Post-communist era to the present (since 1989)

After the uprising it turned out that there were bunker systems and tunnels in Bucharest, some of them from the Middle Ages. An escape tunnel led from the former Central Committee building from the Calea Victorei zone to the Universitate underground station. In addition, the Parliament Palace had a large bunker with various exits.

Arena Naţională 2010

Dissatisfied with the continued political and economic influence of former supporters of the Ceaușescu dictatorship, anti-communist demonstrators met in the same year on Bucharest University Square for an ongoing protest . The demonstrations were also directed against the election of Ion Iliescu as president. In this context, miners from the Shilt Valley ( Valea Jiului ) were brought to Bucharest to break up the demonstrations by force. There were dead and injured in the so-called six “ Mineriades ”. In late September 1991, the Roman government collapsed when the miners returned to Bucharest to demand higher wages and better living conditions.

The representatives of all six Black Sea countries met on April 21 and 22, 1992 in the city. After the conference, the Bucharest Convention (or the Convention on the Protection of the Black Sea from Pollution ) was adopted. The framework convention came into force in 1994. In the same year Bucharest became the permanent seat of the SECI (Southeast European Cooperative Initiative).

After the fall of 1989, another building boom began. In the interest of reorganizing the city center, ideas were created at the end of the 1990s through the urban planning competition "București 2000", which was to form the basis for further urban development. Binding decisions based on the competition result are still pending despite an existing development strategy. The self-indulgence of construction investors later led to protests. According to the protesters, despite an existing master plan, in which 98 zones had architectural protection status, there was no orderly urban development. In 2009, therefore, over 6,000 citizens demonstrated against the urban sprawl.

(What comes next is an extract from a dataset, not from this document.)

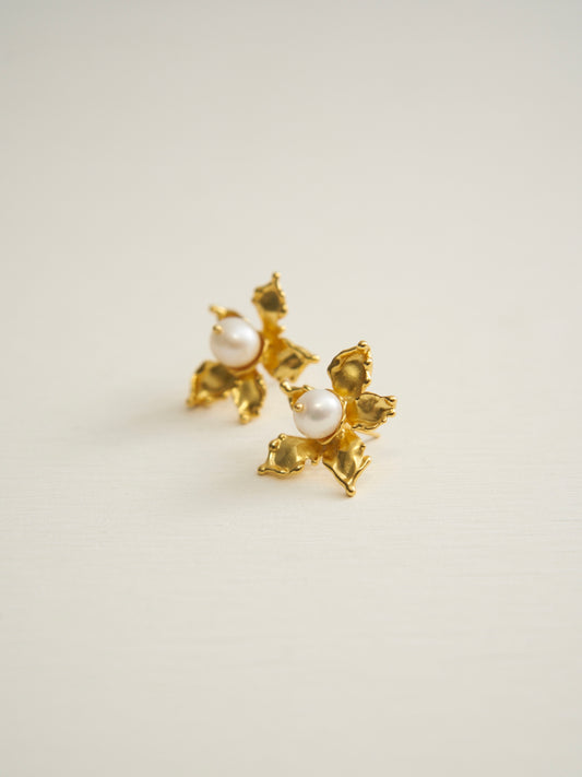 PEARL FLOWER EARRINGS (GOLD)

Despite visible improvements in the living conditions of its population, at times over 3000 Romanian street children lived in Bucharest without any medical care or social security worth mentioning. The problem was known before the Romanian Revolution. However, it was withheld from the public in all its dimensions by the state organs. The city also has problems with a large number of stray dogs. The responsible agencies have therefore taken several tough measures in the past to contain the stray population. This led to many protests and rallies by animal welfare organizations. - Stray dogs are a decades-old problem in Bucharest. Dog lovers feed the stray animals, although they have recently risked heavy fines. In 2012 16,000 people were bitten, in 2006, 2011 and 2013 a total of 3 people were killed in this way.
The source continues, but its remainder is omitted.